It’s not every year Saanich sends a pair of students to Yale University, or to a top-five ranked NCAA Div. 1 athletics program.
Grade 12 students Griffin and Skyler Wilson are the latest Claremont secondary grads to commit to an NCAA varsity athletics team. It brings the total number of grads from the Claremont field lacrosse academy that have gone to post secondary up to 70 since the program’s 2004-05 inception.
The Wilson twins moved to Cadboro Bay three years ago from Edmonton. They were season ticket holders of the Edmonton Rush and were excited to watch them win the NLL Champions Cup, knowing the club was going to move (which they did, to Saskatoon). When they arrived they applied to Claremont but didn’t get in on their playing merit alone, said lacrosse program head Darren Reisig.
“To be honest we’re told that most of the applicants are pretty good players. We didn’t know [when the Wilsons applied] they’d be this good,” Reisig said.
A reunion of sorts took place recently as about a dozen of Claremont’s 2017 grads rendezvoused at the school, all on holiday break from U.S. schools.
Two of those were attackers Jackson Boyd of the New Jersey Institute of Technology and Brayden Brown of Bellarmine University.
Both are set to play their first college games when the NCAA Div. 1 season starts this spring, but as freshman, they know playing time could be limited.
“For all of the fall semester it’s just training and scrimmaging with your team, as much as you like your teammates you have to work hard to prove yourself,” Brown said.
Brown’s introduction to the NCAA season will be a travelling one as his team only plays four home games and will travel for the other nine. Brown is hoping to be in the lineup at mid-season when he faces fellow grad Brad McCulley of Robert Morris University.
Boyd is also looking forward to playing a friendly face when NJIT faces Delaware, who recruited 2017 Claremont grad Adam Fulton.

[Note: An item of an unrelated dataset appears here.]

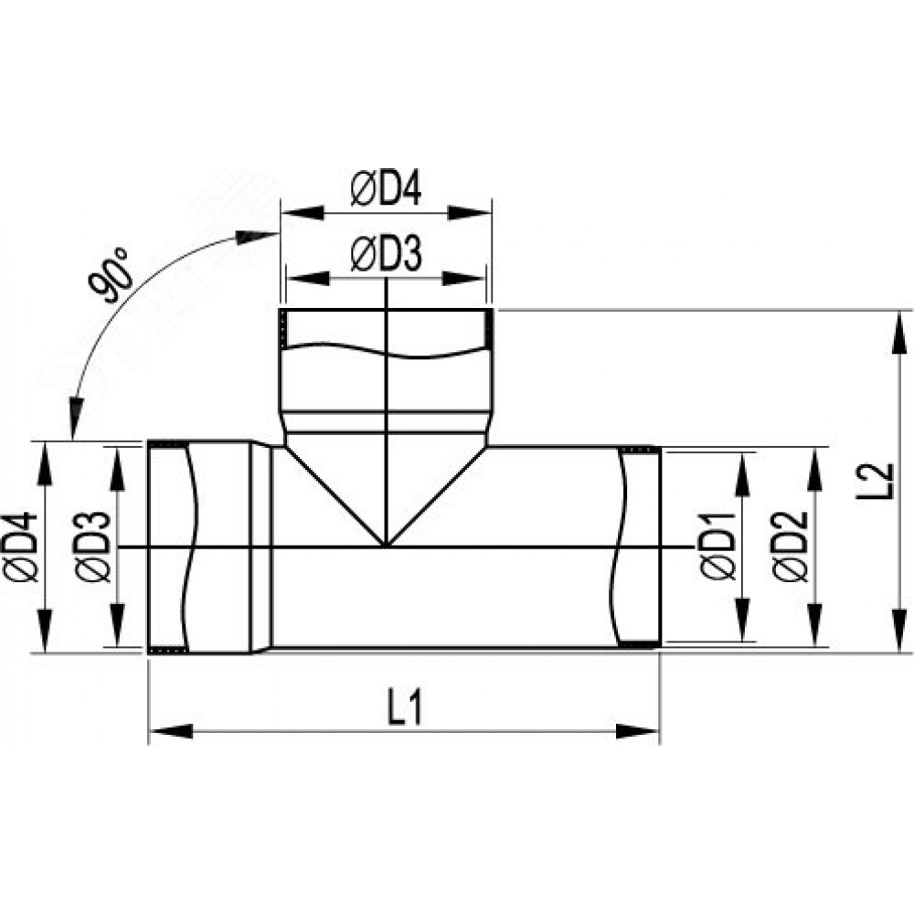 Описание Тройник для двустенных труб, 90 град., полипропилен, д.90мм 020090

In hearing from Boyd and Brown, it’s clear a lot is on the shoulders of the Wilson twins, as the talented midfielders will be expected to carry straight-A’s at Yale.
“It’s a lot of responsibility, we picked Yale for the chance to get the best education we could,” Griffin said.
The Wilsons will be back in the summer to play box lacrosse as underage Junior A Shamrocks, a privilege rarely handed out. It puts them in a category with Jesse King and Max Wilson, two of the top lacrosse talents from Victoria in recent years.
“The goal is to play for the [WLA] Shamrocks one day, that’d be great,” Skyler said.
The scouts of NCAA field lacrosse programs continue to value both Claremont and Canadian-produced lacrosse players for their attacking skills they gain from the box version of the game, something that’s mostly absent from U.S. lacrosse culture.
“It’s true the U.S. scouts like the stick skills honed in box lacrosse,” said Reisig, a former Mann Cup winner with the senior Shamrocks and longtime pro with the NLL. Reisig runs the lacrosse academy with another teacher and former Shamrock Chris McKay.
“We work on a hybrid game here that adds the athletic field component to the skills game.”